Besides, if your overall goal was to encourage assimilation of this feature, even if you didn't use it, having it would make your insurance go down the same way having "The Club" or Lojack does. I'd get one even if I didn't plan to use it just for the insurance bump. Next thing you know everyone has the function, manual driver or not, and then they can do some nefarious bullshit that makes manual driving illegal, and then automotive fascism can begin.
edited 9th May '12 1:32:36 PM by Barkey
That's another thing that bothers me. Making someone who's effectively a passenger liable for the AI's driving.
Consider my mind officially boggled. I would love to see that legally tested over here though. There are a lot of senior cops who got there by doing people for drunk driving.
It'd be looked at as a convenience feature. If you want it, you'll know up front that you have to agree to sign your AI to you liability wise. If it's worth it to you, then the option is open. If it isn't, you don't have to.

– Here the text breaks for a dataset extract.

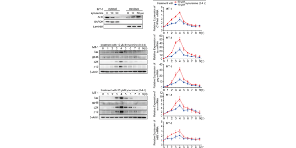 MT-1 cells are treated with Kynurenine (10, 50 μM) for 48 h or 4 days , then subjected to analyze the level of cytosolic AHR and nuclear AHR by immunoblot. After 4-days treatment, Kynurenine (10, 50 μM) remarkably induces the expression of CYP1A1 and plus-strand genes in a dose-dependent manner. Both groups efficiently triggered the production of Tax protein, p19 and p24, although the accumulation of gp46 is no apparent.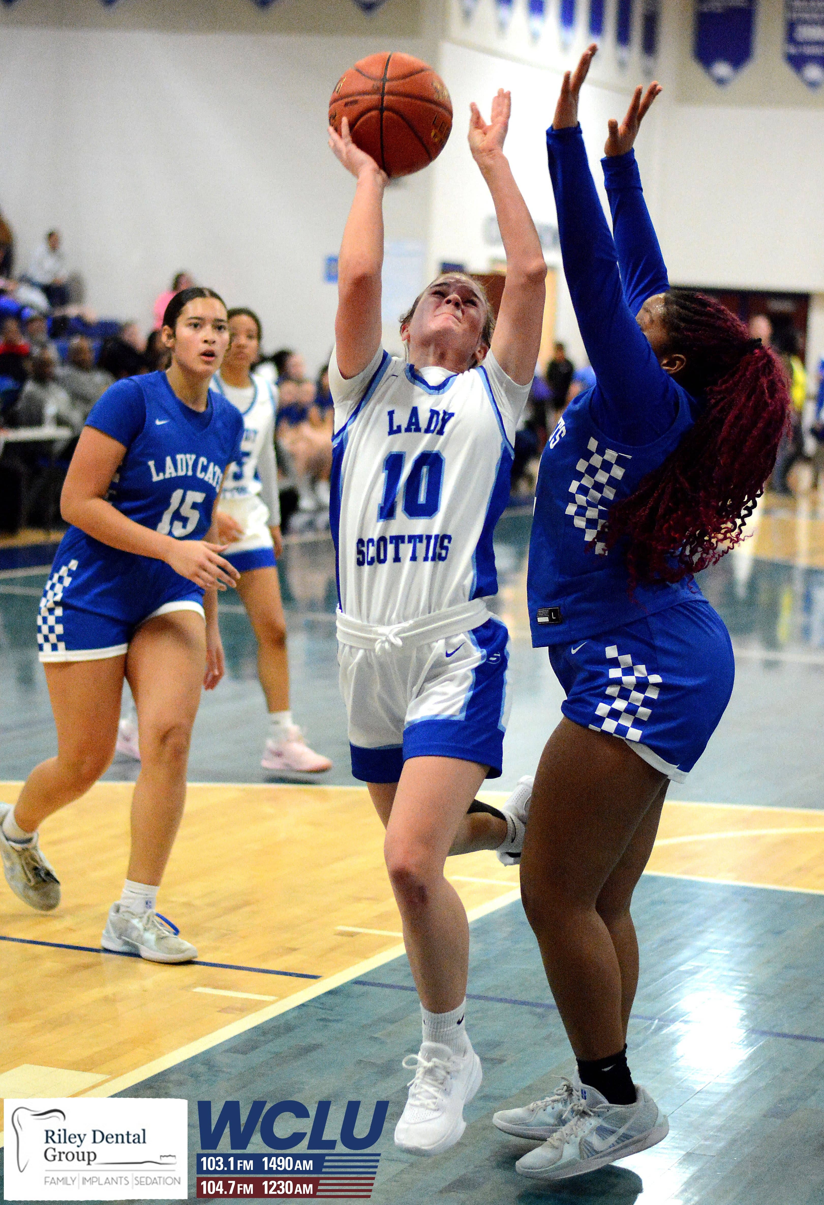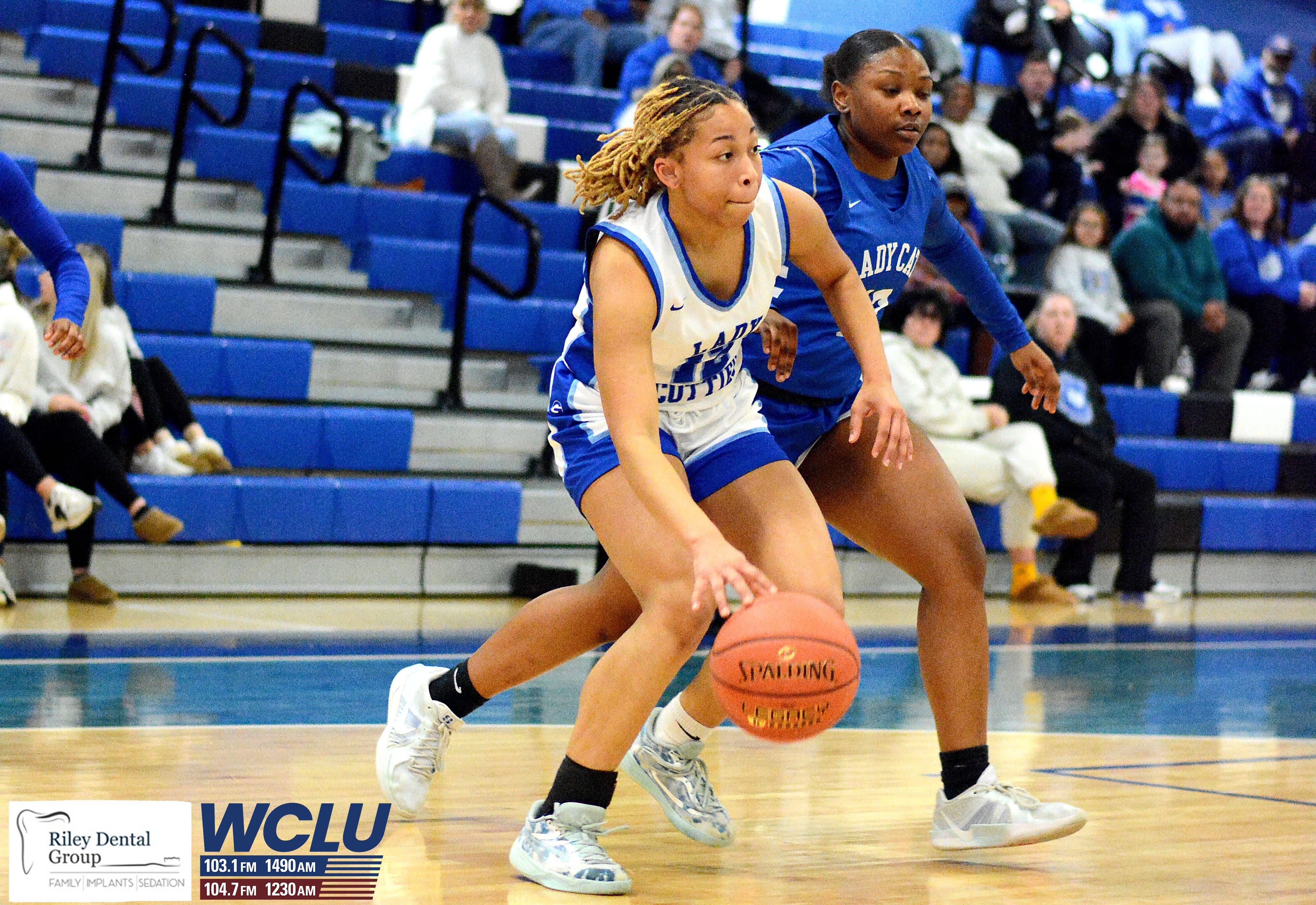 Glasgow’s Jayla Craine drives toward the basket against Franklin-Simpson. Glasgow lost, 65-40. John Brown/WCLU Sports

I'm all about not twisting anyones arm over crap like this. I personally wouldn't use it much, but every now and again I would, and it'd be convenient and good to have. I would be pissed if I was forced to use it though.
I've gotten a lot of people for drunk driving, I've also reported to lots of drunk driving accidents, thus I see this feature as an overall good thing in that arena. I appreciate that for people like me who are alcoholically inclined, there'd be a way to get home that doesn't involve an expensive cab fare or dragging your buddy along as a DD.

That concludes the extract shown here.